- Exercise description -
Repeat the data that follows exactly, starting at the line with "DayPikcer 속성 selected를 통해 색칠되어야 하는 범위" and ending at the line with "Fetthaltiga fröer inbakade", and leave out every picture.

- Given information -
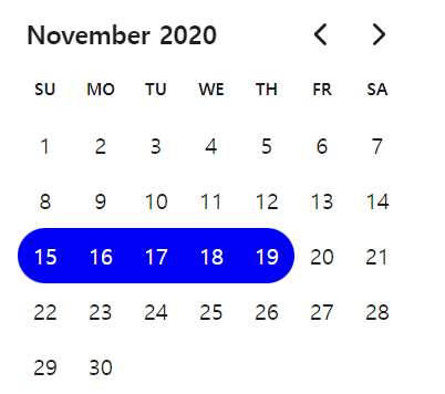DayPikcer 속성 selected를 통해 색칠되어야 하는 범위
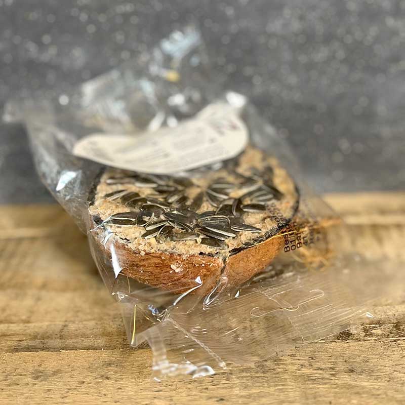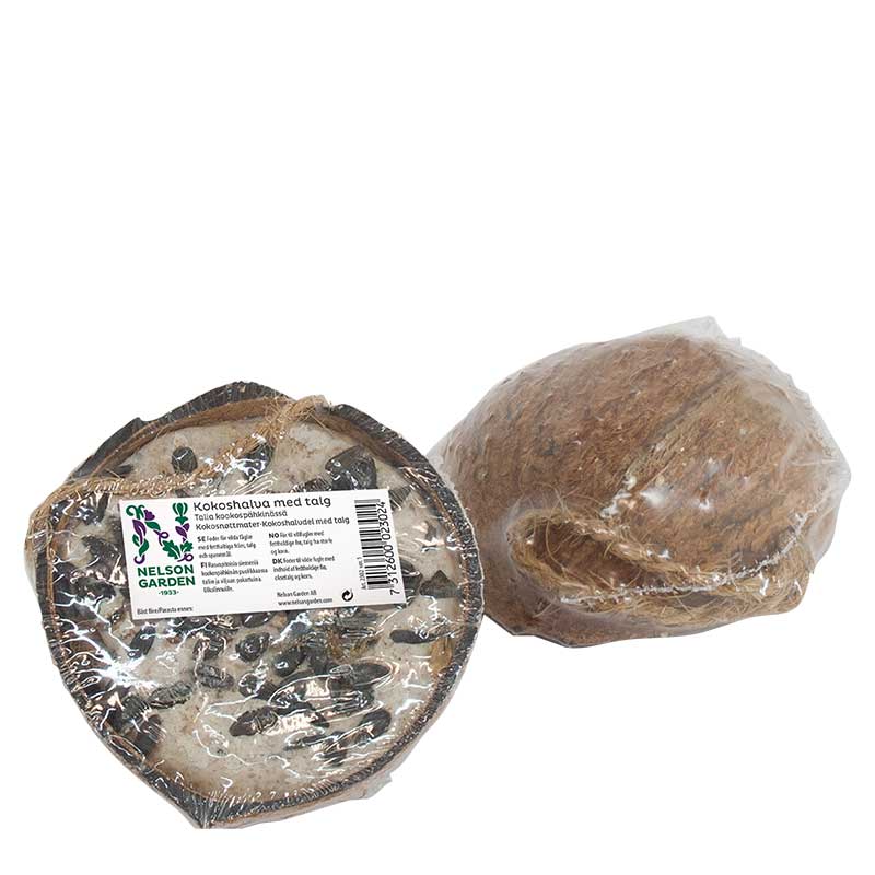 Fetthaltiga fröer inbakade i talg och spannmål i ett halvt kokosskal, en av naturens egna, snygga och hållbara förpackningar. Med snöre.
---
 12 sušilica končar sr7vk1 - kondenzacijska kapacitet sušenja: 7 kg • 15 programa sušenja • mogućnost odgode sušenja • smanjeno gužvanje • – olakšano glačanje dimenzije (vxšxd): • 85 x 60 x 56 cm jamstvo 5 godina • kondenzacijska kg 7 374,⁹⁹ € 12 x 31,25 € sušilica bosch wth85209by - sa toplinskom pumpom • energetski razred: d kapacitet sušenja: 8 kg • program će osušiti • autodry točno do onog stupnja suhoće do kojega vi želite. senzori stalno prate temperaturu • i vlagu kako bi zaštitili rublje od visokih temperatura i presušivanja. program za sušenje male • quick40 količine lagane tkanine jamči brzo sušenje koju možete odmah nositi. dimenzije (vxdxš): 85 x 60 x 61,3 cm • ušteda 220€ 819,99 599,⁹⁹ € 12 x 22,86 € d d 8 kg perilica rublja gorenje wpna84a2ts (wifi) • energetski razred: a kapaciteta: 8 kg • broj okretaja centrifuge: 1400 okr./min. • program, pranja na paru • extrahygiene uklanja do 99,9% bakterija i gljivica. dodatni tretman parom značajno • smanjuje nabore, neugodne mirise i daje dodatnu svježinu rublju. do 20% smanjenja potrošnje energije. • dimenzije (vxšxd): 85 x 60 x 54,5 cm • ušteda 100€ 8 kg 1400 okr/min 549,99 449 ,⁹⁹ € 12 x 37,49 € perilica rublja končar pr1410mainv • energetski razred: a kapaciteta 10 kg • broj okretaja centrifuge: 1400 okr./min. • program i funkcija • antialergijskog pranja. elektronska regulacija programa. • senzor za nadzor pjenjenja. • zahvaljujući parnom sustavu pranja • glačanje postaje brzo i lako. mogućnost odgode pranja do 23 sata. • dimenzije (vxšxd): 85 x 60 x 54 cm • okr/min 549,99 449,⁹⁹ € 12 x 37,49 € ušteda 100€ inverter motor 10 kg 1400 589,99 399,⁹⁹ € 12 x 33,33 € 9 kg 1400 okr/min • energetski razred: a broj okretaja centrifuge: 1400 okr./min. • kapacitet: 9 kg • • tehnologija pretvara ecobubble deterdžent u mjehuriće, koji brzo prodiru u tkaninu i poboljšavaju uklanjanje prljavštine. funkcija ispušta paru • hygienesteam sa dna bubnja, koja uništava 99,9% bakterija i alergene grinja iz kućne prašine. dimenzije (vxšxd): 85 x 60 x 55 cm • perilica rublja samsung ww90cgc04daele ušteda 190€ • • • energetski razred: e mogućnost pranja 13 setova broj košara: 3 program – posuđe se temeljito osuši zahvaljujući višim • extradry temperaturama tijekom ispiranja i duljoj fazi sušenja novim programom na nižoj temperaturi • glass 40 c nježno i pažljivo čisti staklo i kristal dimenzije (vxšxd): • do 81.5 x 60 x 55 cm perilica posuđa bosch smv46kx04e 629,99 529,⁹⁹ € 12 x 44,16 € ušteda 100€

- Answer to this problem -
DayPikcer 속성 selected를 통해 색칠되어야 하는 범위
 Fetthaltiga fröer inbakade i talg och spannmål i ett halvt kokosskal, en av naturens egna, snygga och hållbara förpackningar. Med snöre.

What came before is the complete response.